The European Commission is ultimately responsible for the execution of the European Union’s budget. However, this involves a range of actors, including Member States, to which the Commission delegates implementing tasks related to a significant share of the budget.
Each year, the discharge procedure ensures ex-post democratic oversight at political level of how the EU’s annual budget has been used. It aims to verify whether implementation was in accordance with relevant rules (compliance), including the principles of sound financial management (performance).
The decision on whether to grant discharge for the execution of the EU budget is made by the European Parliament, which acts on a non-binding recommendation by the Council, the other arm of the EU budgetary authority. Another key institution is the European Court of Auditors, the EU’s independent external auditor, whose reports are a fundamental part of the procedure.

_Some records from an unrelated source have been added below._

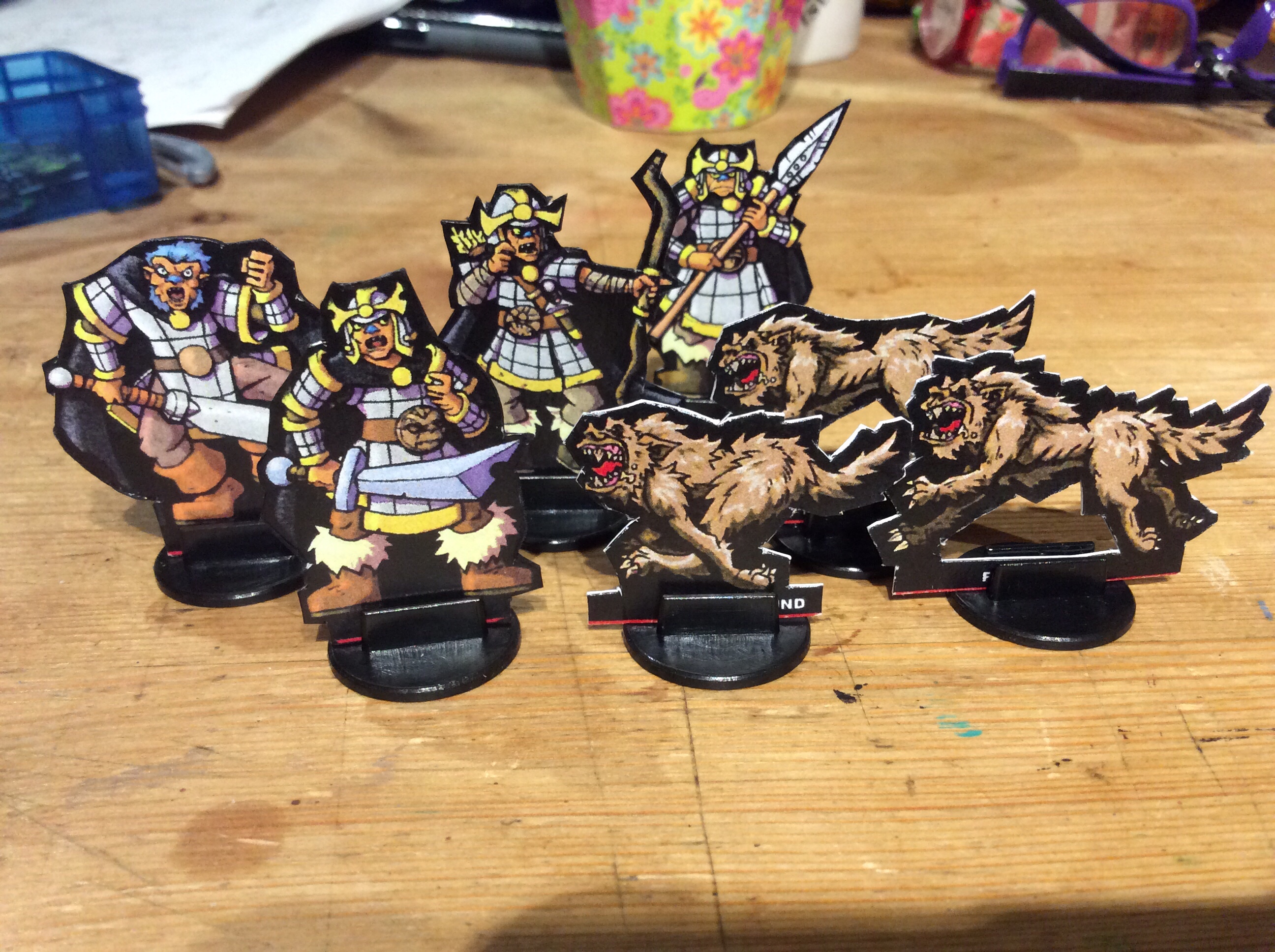 They are all card from the very talented Okum Arts. I used to use plastic and metal figures and these took up time to paint and space to store. One day I had an epiphany and I started hunting for flats. Eventually, after a fair bit of searching on RPGNow. I found a style I really liked. They were bright and colourful and a little bit cartoony.
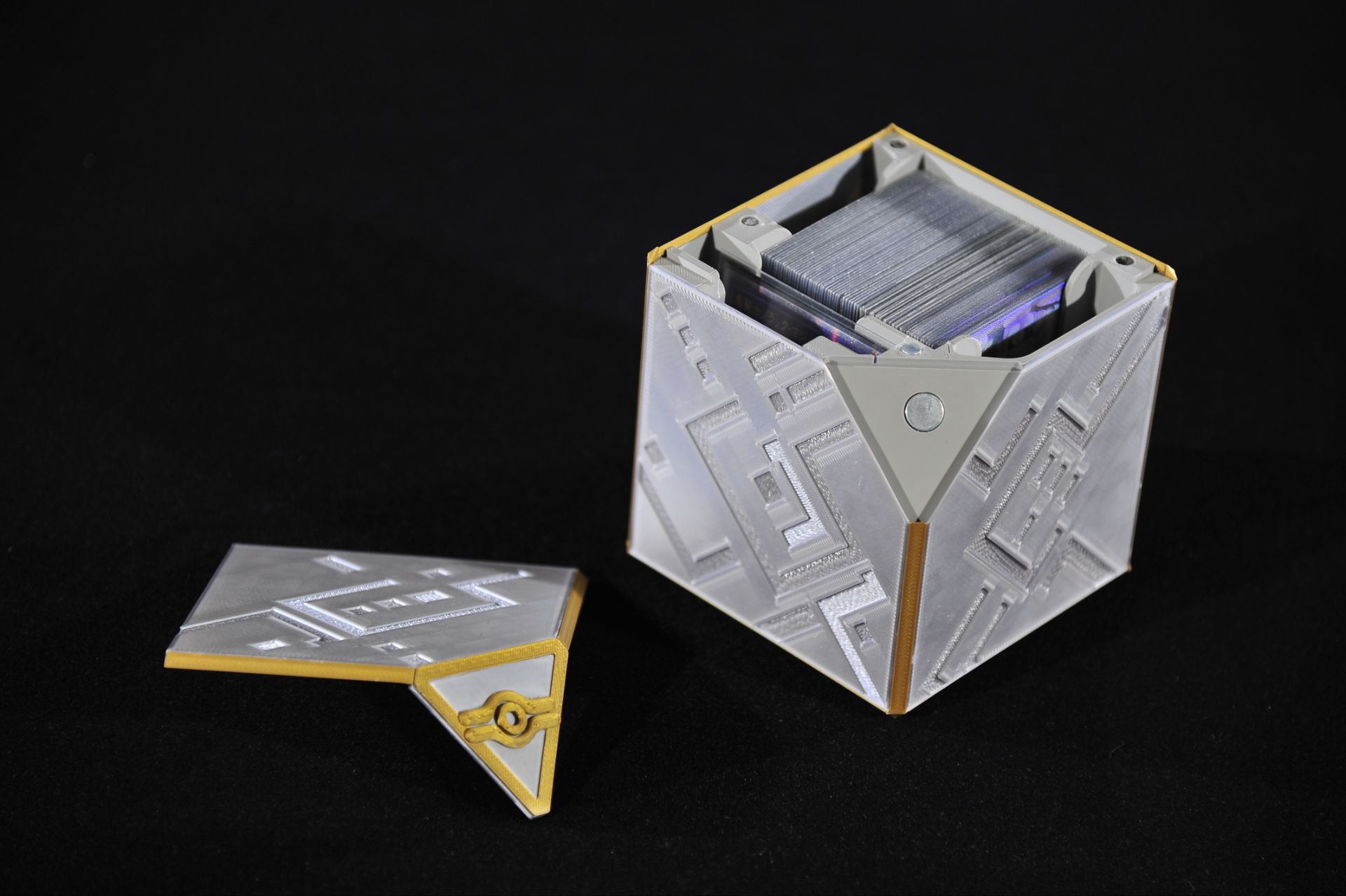 主题卡盒;银色PLA、黑/金PETG 多材料;2025年6月完成。
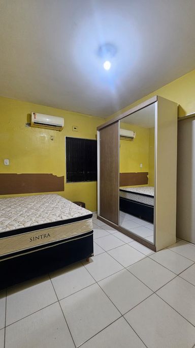 A locação é com a mobília: Geladeira Fogão Mesa com 04 cadeiras Guarda roupas Cama solteiro Cama casal 02 ar-condicionados
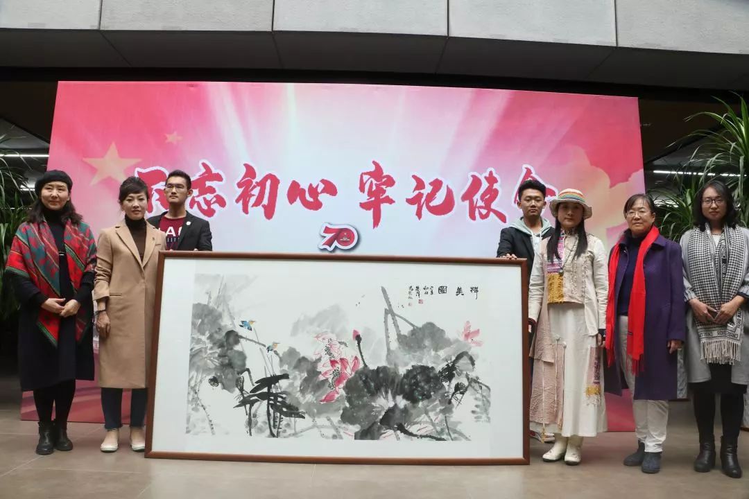 活动现场,吉林省女美术家协会副主席朱萍、秘书长孟美青向awc777万象城娱乐官网赠送作品,awc777万象城娱乐官网校长助理彭巍为女美术家协会颁发收藏证书。
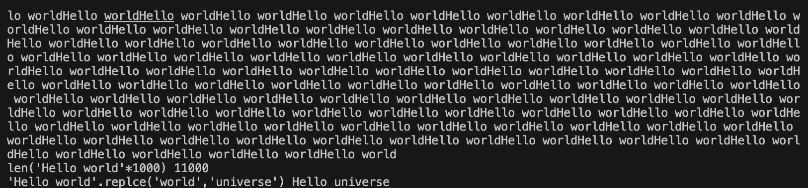 마지막엔 replace 를 이용해 world를 universe로 대치하기.
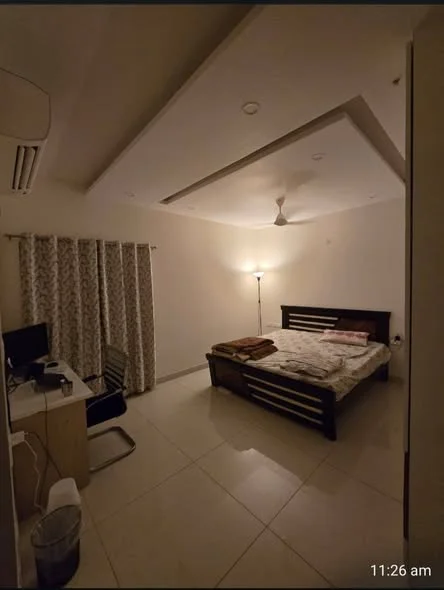 A semi-master bedroom in a fully furnished 3BHK flat is available for rent at Prestige Tranquil, Kokapet, Hyderabad. The flat is located on Golden Mile Road, near IT and business h...
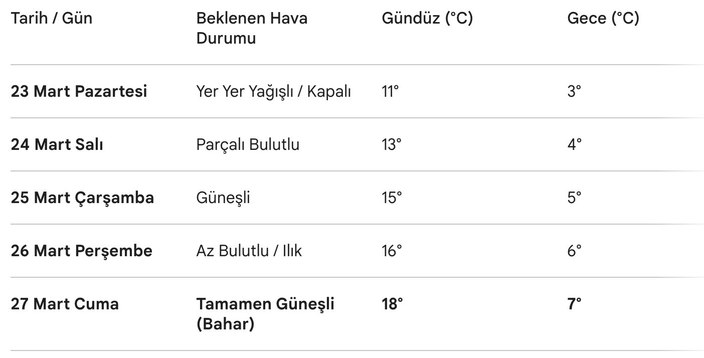 📊 Ankara 5 Günlük Hava Tahmin Tablosu (Mart 2026)
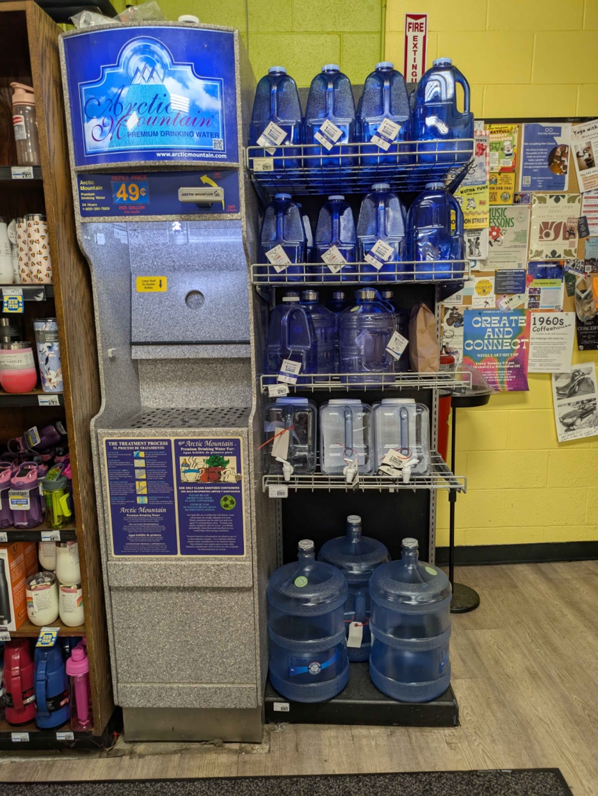 Water refill amenities provide fresh and filtered drinking water. There are reusable containers for sale right next to the water dispenser. This is a great alternative to individual water bottles in a package.
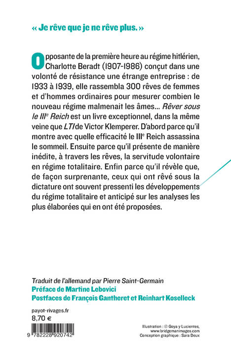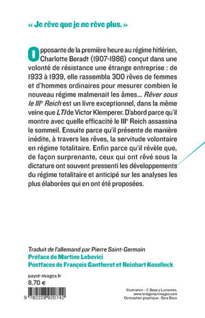 Opposante de la première heure au régime hitlérien, Charlotte Beradt (1907-1986) conçut dans une volonté de résistance une étrange entreprise : de 1933 à 1939, elle rassembla 300 rêves de femmes et d'hommes ordinaires pour mesurer combien le nouveau régime malmenait les âmes... «Rêver sous le IIIe Reich» est un livre exceptionnel, dans la même veine que «LTI» de Victor Klemperer. D'abord parce qu'il montre avec quelle efficacité le IIIe Reich assassina le sommeil. Ensuite parce qu'il présente de manière inédite, à travers les rêves, la servitude volontaire en régime totalitaire. Enfin parce qu'il révèle que, de façon surprenante, ceux qui ont rêvé sous la dictature ont souvent pressenti les développements du régime totalitaire et anticipé sur les analyses les plus élaborées qui en ont été proposées.
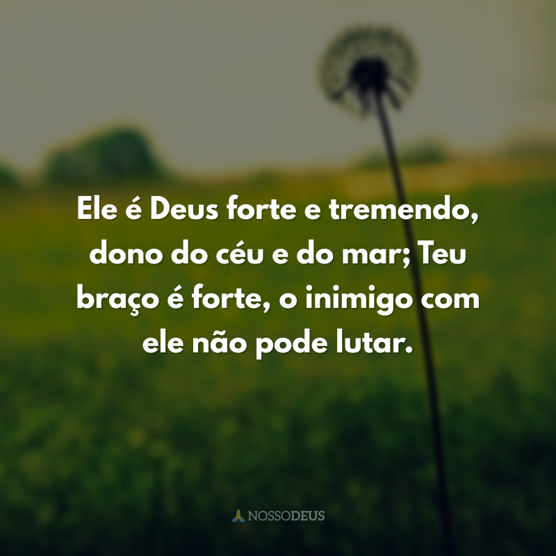 Ele é Deus forte e tremendo, dono do céu e do mar; Teu braço é forte, o inimigo com ele não pode lutar.
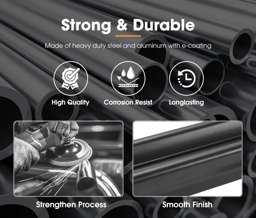 Steel frame with e-coating, aluminum trays & ramps with e-coating, ABS clamps with TPR pads, nylon tapes with steel buckles & nylon release tabs, PP knobs
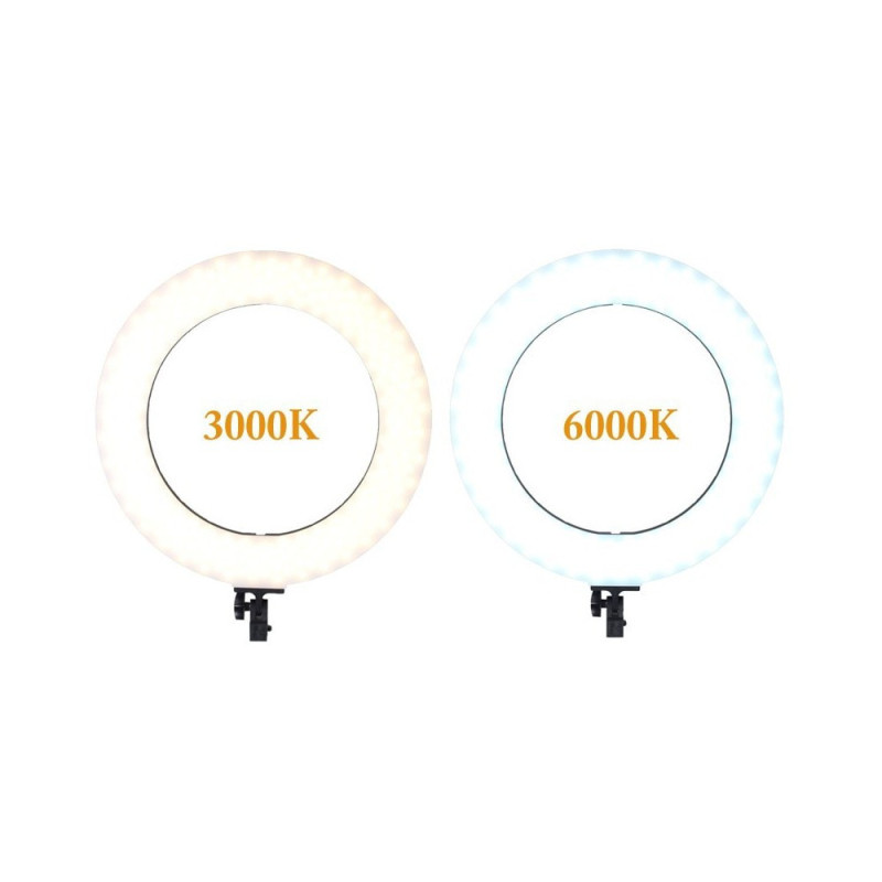 Žiedinis šviestuvas LED 60W (3000-6000K) puikiai tinka MUA vizažistams, portretų fotografavimui, puikus šviesos šaltinis filmuojant youtube vlog'us ir kt.

The discharge procedure has proved to be a powerful tool, which has had an impact on the evolution of the EU’s budgetary system, while contributing to increasing the Parliament’s political leverage. The Treaty of Lisbon has provided the procedure with a new tool – an evaluation report on the results achieved with the EU’s finances – which could increase the focus on monitoring the achievement of policy objectives. In the wake of the euro crisis, another development being debated concerns how to ensure democratic scrutiny of the financial tools that have been created outside the EU’s institutional framework and as such are not subject to the discharge procedure.